A ‘glittering success’ is definitely the best description for not only the Magnet House opening, but the whole state reopening their nightlife. Images and videos from the weekend shows nothing but ecstatic smiling faces and people generally happy to be outside. Capitol Corp also own venues in Fremantle, Perth City, Scarborough and Joondalup, and Heaton said it was the same vibe at all of them.
“The atmosphere everywhere was electric. It’s clear people are ready to be out and about. It’s fabulous to see venues being able to reopen safely, and the people of Perth getting behind their local bars, clubs and pubs. Across all of our venues we saw excitement and joy – people really got into the swing of things,” he said.
And in another win for the industry, the reopening weekend seemed to go off without a hitch, with no major incidents. The WA Premier, Mark McGowan, warned people to remain vigilant about social distancing, but said early reports show patrons are doing the right thing.
“People were well-behaved and there was good excitement and people doing the right thing across the state, so that’s good news,” Premier McGowan said.
But the industry positivity and progress wasn’t being felt at nightclubs across all states. Like it did in WA, last Friday also marked the day that nightclubs in Tasmania were allowed to reopen, albeit under quite different conditions to the western state.
Tasmania now allows up to 250 patrons per venue, given that the one person per two square metre rule is upheld, but doesn’t allow any unseated activities. So nightclubs could reopen, but there was to be no dancing, no pool, and no standing.

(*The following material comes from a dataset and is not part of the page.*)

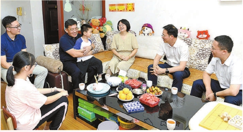 “孩子现在身体怎么样了?好不好带?来,让我也抱一下小家伙。”干警刘明军的孩子早产住院,熊良明放心不下,前来问干警家属。“你生产的时候,正是我院公益诉讼快速检测实验室筹建的关键期,多亏有了你的全力支持和默默付出,我代表院党组向你们表示感谢。”听了熊良明的一番话,刘明军的妻子感动地说:“谢谢领导的关心,家人应该相互支持的。我会努力做好‘贤内助’,多支持他工作。”
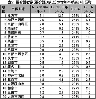 前述のように府県によって将来の介護需要は異なりますが、これを市区町村ごとにみると、より一層介護需要が急増し、それへの対応が厳しい市区町が鮮明になってきます。例えば、要介護3以上の要介護者数の2010年から2030年にかけての増加率を、府県と同様の考え方で試算すると、増加率の高い上位20市区町は表2のとおりです。最も増加率の高い枚方市では、2.5倍以上、約8千人の増加が試算されます。以下、神戸市西区、京都市山科区、精華町、四條畷市などが続いています。全体として、バブル崩壊後も比較的堅調に人口を増やしてきた市区町が並んでいます。前述の大阪府について指摘した特養の新設需要や、居宅サービスのマンパワー確保が、より一層強く求められることになります。

Sarah Courtney, the state’s Minister for Small Business, Hospitality and Events said they were taking a ‘glide path’ to avoid the risk of a second wave.
“I understand that this has been a very challenging time for many hospitality businesses, however it has proven the resilience and tenacity of our operators and their employees, and I can assure the hospitality industry that the Government will continue to work with you on the pathway to recovery,” Minister Courtney said.

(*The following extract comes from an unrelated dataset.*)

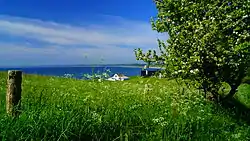 ![]() Kalø Cove seen from Trehøje in the Mols Hills with Knebel Vig (foreground), Skødshoved (to the left) | |
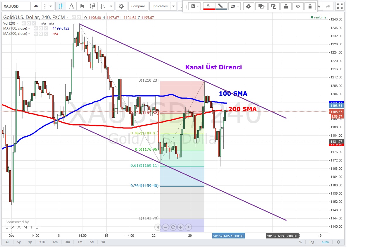 Orta Uzun vedeli kritik destek seviyesi olan ve daha önce birkaç kez denediği 1180 USD seviyesini kırmayı test eden sarı metal Xmas süresince bu destek etrafında düşen hacim ile birlikte teknikçilerin testere hareketi diye tabir ettiği sert hareketler yaptı .

“I am deeply aware that hospitality businesses have felt the full force of the coronavirus impact, however, we must continue a sensible approach forward as a second wave of the virus caused by moving too quickly, too early, would be even more devastating to the industry. I thank the industry for the way it has implemented measures to keep staff and patrons safe, and I ask all Tasmanians to continue to comply with the rules.”
Meanwhile, the latest state to allow the reopening of nightclubs is South Australia, who moved into Stage Three restrictions yesterday. As part of this change, there is no capacity limit on how many people can be in a venue, other than the one person per four square metre rule.

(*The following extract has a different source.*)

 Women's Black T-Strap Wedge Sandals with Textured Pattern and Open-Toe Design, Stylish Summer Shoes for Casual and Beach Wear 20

SA Premier Steven Marshall said that nightclubs may be allowed to reopen under this stage, but only after a “comprehensive COVID management plan has been put in place and approved by the Transition Committee.”
Elsewhere, there is still no confirmation on when nightclubs may be allowed to reopen, and what conditions that could be under. New South Wales Premier Gladys Berijiklian suggested reopening in August may be possible, whereas Queensland and certainly Victorian leaders have not mentioned anything.